Second, our project attribution is heuristic. We read a header called X-Halton-Project if it is set, otherwise we fall back to the parent process name. The header is correct when applications set it correctly. The process-name fallback is correct often enough to be useful and wrong often enough to be embarrassing. We are working on a per-port project binding so that an application can claim a local port at start and have every call from that port attributed regardless. It is not in the current prerelease.
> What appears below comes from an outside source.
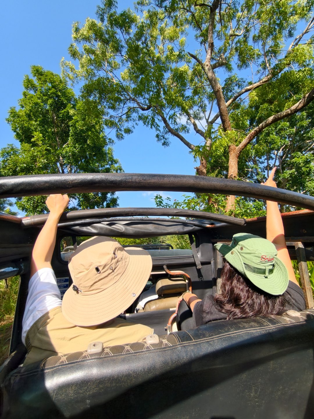 我们这次去的是 Hurulu Eco Park。敞篷吉普车直接钻进保护区,风从耳边吹过,视野完全打开。那种感觉很奇妙:不是在“看动物”,而是短暂进入了它们的生活。
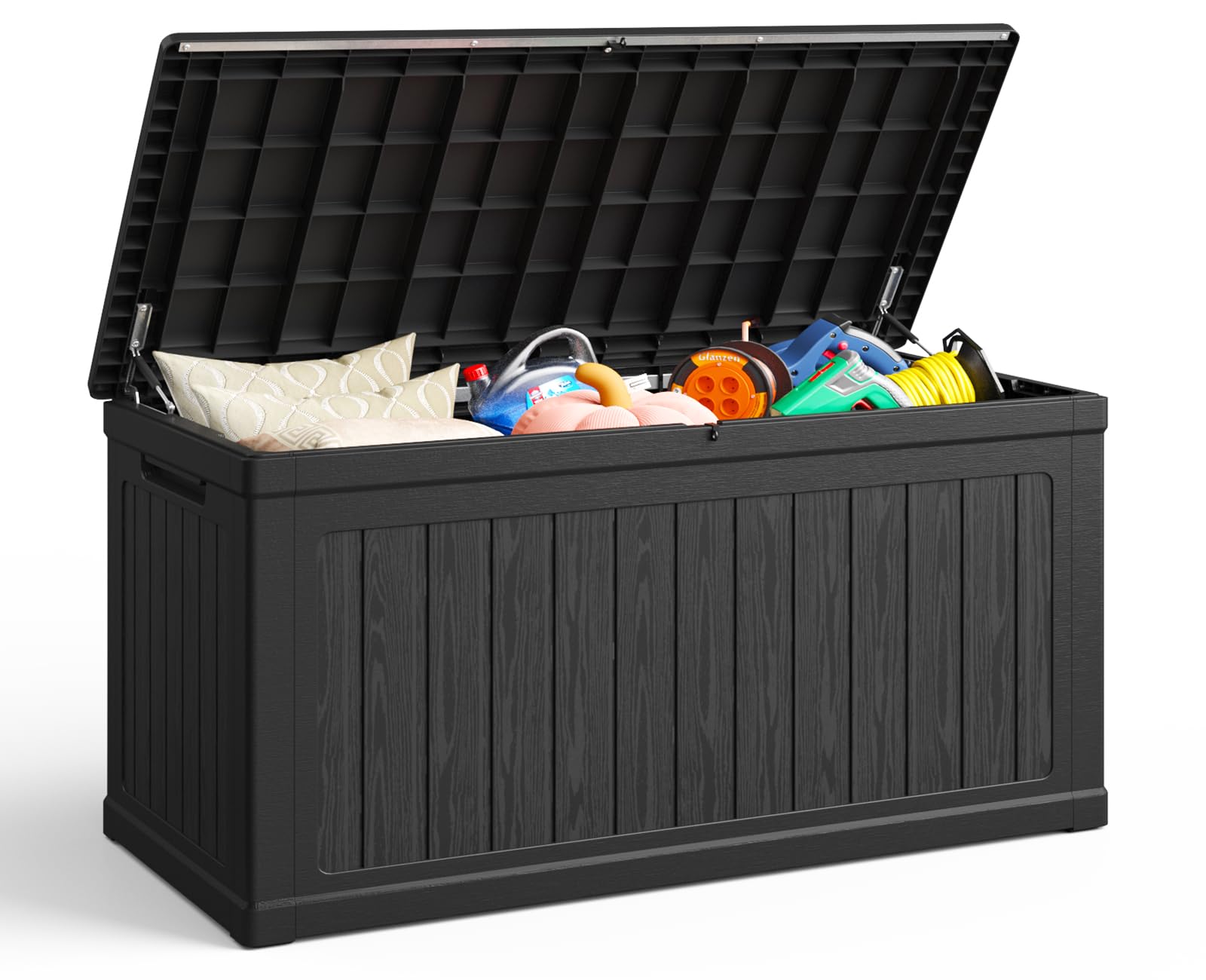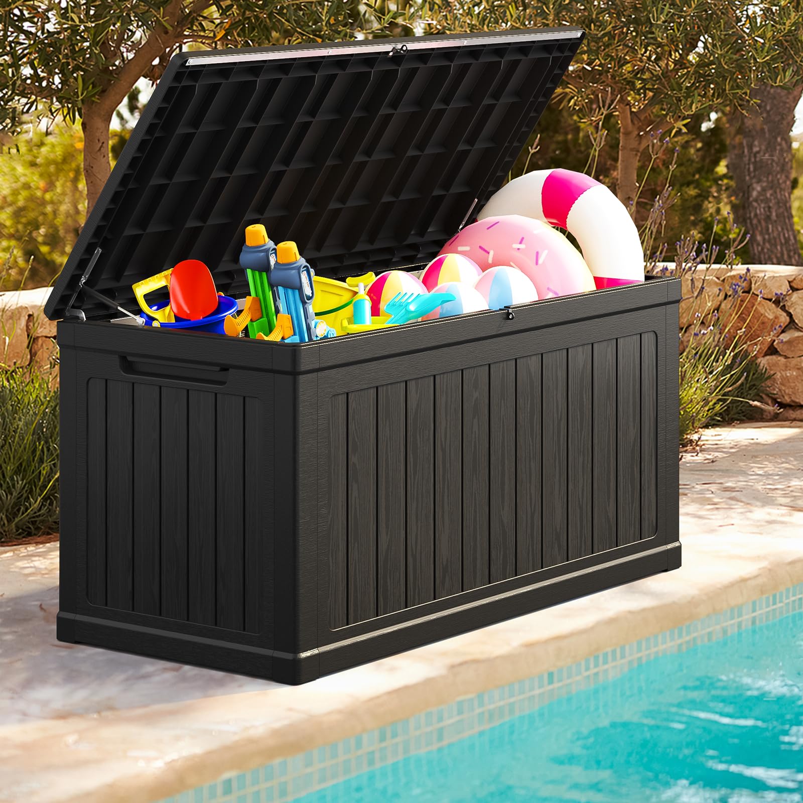 - Effortlessly tuck away bulky pool floats, gardening supplies, and patio decor in this 230 gallon large deck box, preserving your outdoor oasis’s sleek aesthetic

Third, we still do not have a clean story for tool-use sub-events. A single Claude call can fan out into model usage, tool invocations, and a second model turn, and the usage we get back is the aggregate. For attribution purposes you sometimes want the breakdown. The provider does not expose it. We can infer it from the request structure, sometimes, with confidence less than we'd like. We have not shipped that yet because we have not figured out how to be honest about the confidence.
None of these are show-stoppers. All of them are the kind of corner that, over a year, costs someone real money if it is not declared. The point of writing them up here, in the same issue as the read loop walkthrough, is that you cannot trust a daemon you only hear good news about. The next dispatch in this series, when the next prerelease ships, will either close one of these gaps or explain why we couldn't. The build is already cut. We are testing it now.
Notes & sources
- The daemon is a local binary, free forever via
pipxoruvx. The public repository at github.com/haltonlabs/halton-meter will open under Apache 2.0 at v0.1.0. All versions referenced here are internal prerelease tags. - mitmproxy: mitmproxy.org. We pin to the 11.x line and contribute patches upstream when our addon hits a sharp edge.
- The perf regression gate referenced in § V is in
daemon/tests/perf_stream.py. It runs a recorded SSE fixture through the daemon and fails the build if p50 TTFB exceeds 8 ms. - Disclosure: Halton Meter Cloud sells a metered product on top of the daemon. The daemon is free forever via pipx or uvx; the bundled dashboard is open source under Apache 2.0. No paid placements.